**DESCRIPTION OF THE TASK**
Once the line containing "به گزارش ایرنا" is found, please copy it and all lines after it through the end of the records, exactly, leaving out pictures.
**** GIVEN INFORMATION ****
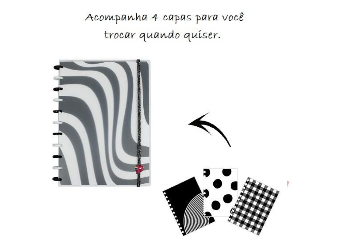 Cada caderno acompanha 4 capas em papel couchê 250g que podem ser trocadas a qualquer momento!
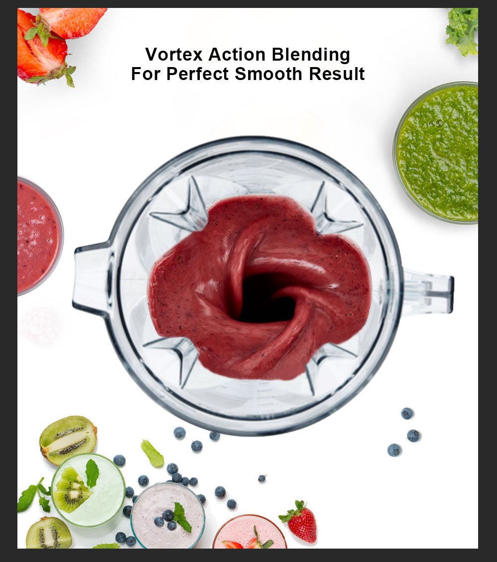 : The peak 2200W (rated 1500W) commercial-grade motor with hardened 6 stainless steel can easily break ice cubes and frozen fruits, it makes the large ice cube to small slush. Benefit from the WHOLE food by thoroughly pulverizing the ice cubes, frozen fruits, vegetables, seeds, nuts and much more.
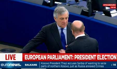 به گزارش ایرنا به نقل از شبکه یورو نیوز ، در این دور از رای گیری که امروز (سه شنبه )برگزار شد، 'آنتونیو تایانی' (Antonio Tajani) ایتالیایی از حزب راست میانه 'مردم اروپا' با 274 رای پیشتاز شد، اما نتوانست به حد نصاب نصف به علاوه یک رای (376 رای) برسد.
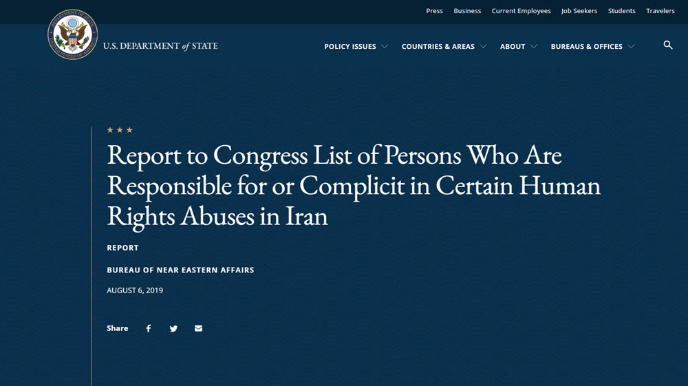 Raporti i Departamentit të Shtetit të SHBA-së, i datës 6 gusht 2019, thotë se në përputhje me autoritetet e deleguara tek Sekretari i Shtetit në E.O. 13553, që implementon Seksionin 105 të Sanksioneve Gjithëpërfshirëse mbi Iranin. Më poshtë gjendet një link që të çon në listën e individëve dhe entiteteve që janë përcaktuar nga Sekretari i Thesarit, në konsultim me Sekretarin e Shtetit apo me rekomandimin e tij, se plotësojnë kriteret në Seksionet 105(b) dhe 105B(b) të CISADA.
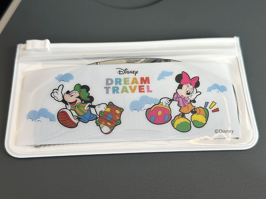 ミッキーとミニーが描かれた専用ケース入り。
****
**YOUR SOLUTION**
 به گزارش ایرنا به نقل از شبکه یورو نیوز ، در این دور از رای گیری که امروز (سه شنبه )برگزار شد، 'آنتونیو تایانی' (Antonio Tajani) ایتالیایی از حزب راست میانه 'مردم اروپا' با 274 رای پیشتاز شد، اما نتوانست به حد نصاب نصف به علاوه یک رای (376 رای) برسد.
 Raporti i Departamentit të Shtetit të SHBA-së, i datës 6 gusht 2019, thotë se në përputhje me autoritetet e deleguara tek Sekretari i Shtetit në E.O. 13553, që implementon Seksionin 105 të Sanksioneve Gjithëpërfshirëse mbi Iranin. Më poshtë gjendet një link që të çon në listën e individëve dhe entiteteve që janë përcaktuar nga Sekretari i Thesarit, në konsultim me Sekretarin e Shtetit apo me rekomandimin e tij, se plotësojnë kriteret në Seksionet 105(b) dhe 105B(b) të CISADA.
 ミッキーとミニーが描かれた専用ケース入り。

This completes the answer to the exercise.